CadburyDream · 19/05/2023 10:14

ImNotAsThinkAsYouDrunkIAm · 19/05/2023 10:12

Well, if the school wants to raise a safeguarding issue with social services I guess that’s their prerogative but I doubt they’d get far, assuming the child wasn’t ridiculously young. The fact that different schools have different rules proves this. Ours, for example, says children have to be handed over at the classroom door up to and including year 2. Others on here have said year 5, or even 6. There clearly isn’t one single rule, and unless the child was turning up at school aged 4 having crossed a dual carriageway alone, I seriously doubt social services would be interested.

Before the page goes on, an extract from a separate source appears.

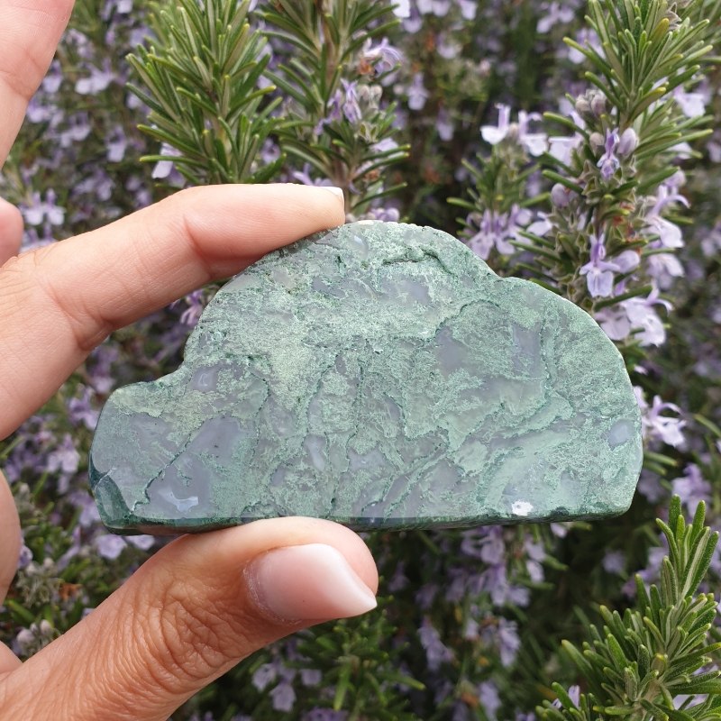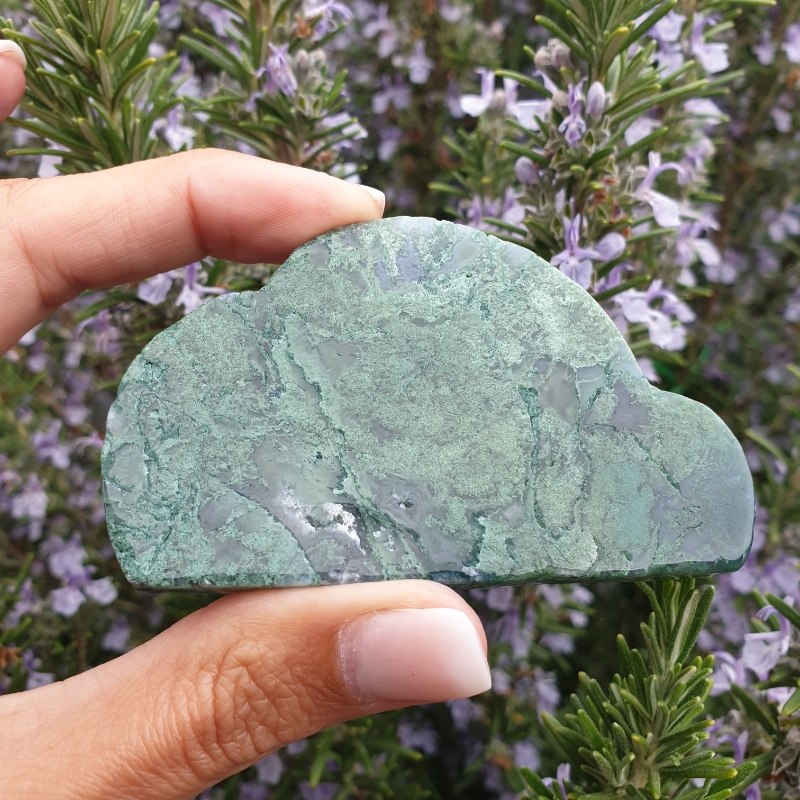 Kézzel faragott, moha achát ásvány felhő.
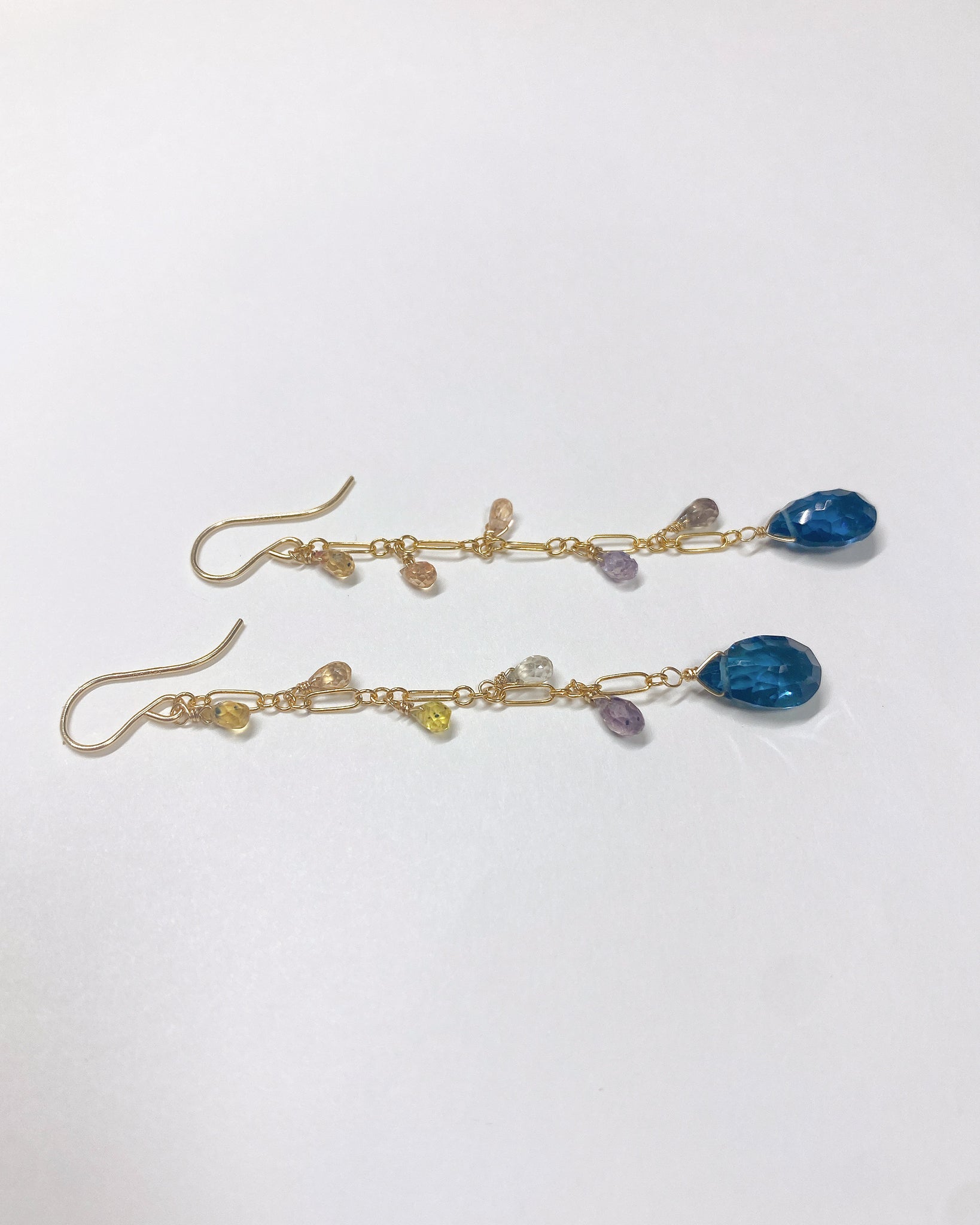 14kgf製のチェーンに小さなドロップカットのサファイアを丁寧に留めたロングタイプのピアスです。

I don’t care whether they will be interested or not, like someone said not every kid gets the local school we get the bus to ours and I’m not sending my children on the bus alone. Our school say year 6 and I think that’s the right age.

prooses · 19/05/2023 10:14

we live over a mile and there are so many busy roads. Not to mention my son isn't comfortable doing it himself and I would not be comfortable letting him do it himself. Instinctively we know it's not the right time (age 10 y5).

I don't see it as a bad thing, each child is different, you can't judge a parent for not joining in sending their child off at the first opportunity they get. Parents instinct always best.

Mrsjayy · 19/05/2023 10:15

Oh I think schools would raise issues with .Young kids wandering into school alone why can't parents/ orher adults drop them off what is more important than a 7 year olds safety ?

bingbangbongding · 19/05/2023 10:16

We waited til year 6. Not sure where you are getting 7/8 because I was only allowed to walk to school in year 6 too, as was my Mum.

ILikePizzas · 19/05/2023 10:18

Parents drive their kids to school in great big 4x4s as, if they walk, they might get run over by all the other parents driving their kids to school in great big 4x4s.............

ImNotAsThinkAsYouDrunkIAm · 19/05/2023 10:18

CadburyDream · 19/05/2023 10:14

I don’t care whether they will be interested or not, like someone said not every kid gets the local school we get the bus to ours and I’m not sending my children on the bus alone. Our school say year 6 and I think that’s the right age.

But my point is the school can’t, and shouldn’t, put a blanket rule in place that says ‘no walking to school alone until year 6’ regardless of circumstances. For your child it wouldn’t be appropriate. For a child who lived at the end of the road the school was on, with no roads to cross, it would be different. It’s not up to the school to unilaterally decide regardless of circumstances.

bingbangbongding · 19/05/2023 10:18

Also, in the 60's/70's two things were true:

Less cars on the road

A parent at home to receive the child at 3:30pm.

prooses · 19/05/2023 10:20

I do think that some of the reaction against parents walking their slightly older y5/6 kids to school is a reverse kind of judgement; a way to say that children are too "coddled" or whatever because they do it differently.

Not all situations, routes, places you live, roads and kids are the same.

I personally couldn't forgive myself if my child didn't look when crossing a busy road, or got nervous because some nutter approached them (there are enough in our busy city). Every parent and child should choose for themselves when they are comfortable, without feeling judged by others.

Oreosareawful · 19/05/2023 10:22

My kids go to school in the car simply because I work, and I don't have time to walk back home to collect the car to get to work. It works the same the other end of the day too, I don't have time to take the car home and walk to collect the kids.